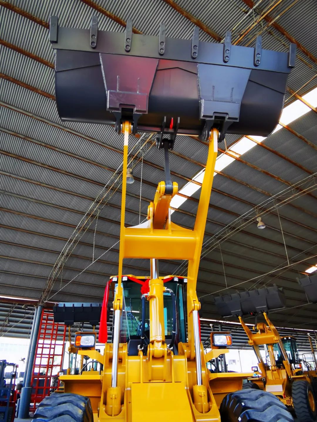 2、立式油缸工作裝置布局,高位提升力大,滿斗裝車(chē)效率高,更適用于裝卸和起吊作業(yè)工況。
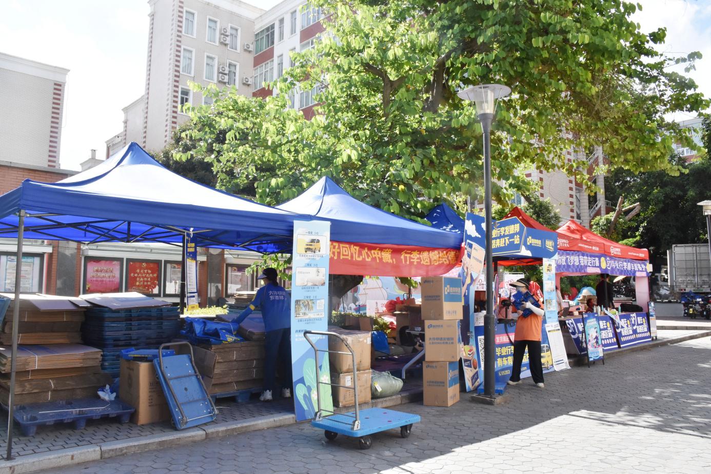 为给毕业生提供方便、安全、专业的行李托运,减轻离校负担,协调邮政、顺丰、德邦、京东快递公司入驻校内,在各园区门口设点,方便毕业生办理行李托运。
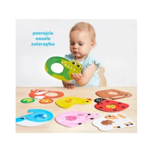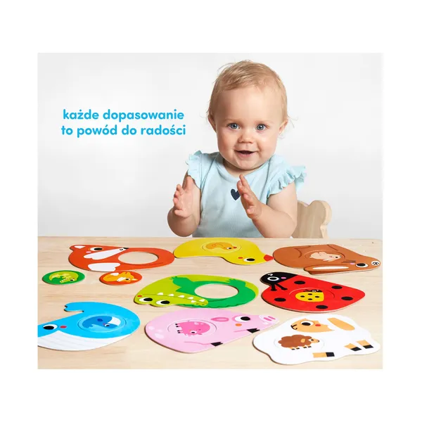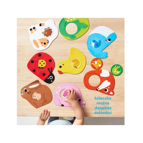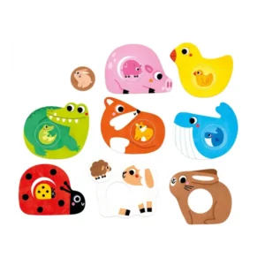 Pattintsátok ki együtt a köröket, majd nevezd meg az állatokat, a színeket és hangokat! Próbáljátok fordítva, fejjel lefelé vagy összekeverve is összepárosítani a darabokat – minden sikeres illesztés mosolyt és önbizalmat ad a kicsinek.

==========

What the task asks »
Reproduce the lines from the one with "为给毕业生提供方便、安全、专" through the end of the data, keeping both end lines, adding nothing, and dropping any pictures.

Expected answer »
 为给毕业生提供方便、安全、专业的行李托运,减轻离校负担,协调邮政、顺丰、德邦、京东快递公司入驻校内,在各园区门口设点,方便毕业生办理行李托运。
 Pattintsátok ki együtt a köröket, majd nevezd meg az állatokat, a színeket és hangokat! Próbáljátok fordítva, fejjel lefelé vagy összekeverve is összepárosítani a darabokat – minden sikeres illesztés mosolyt és önbizalmat ad a kicsinek.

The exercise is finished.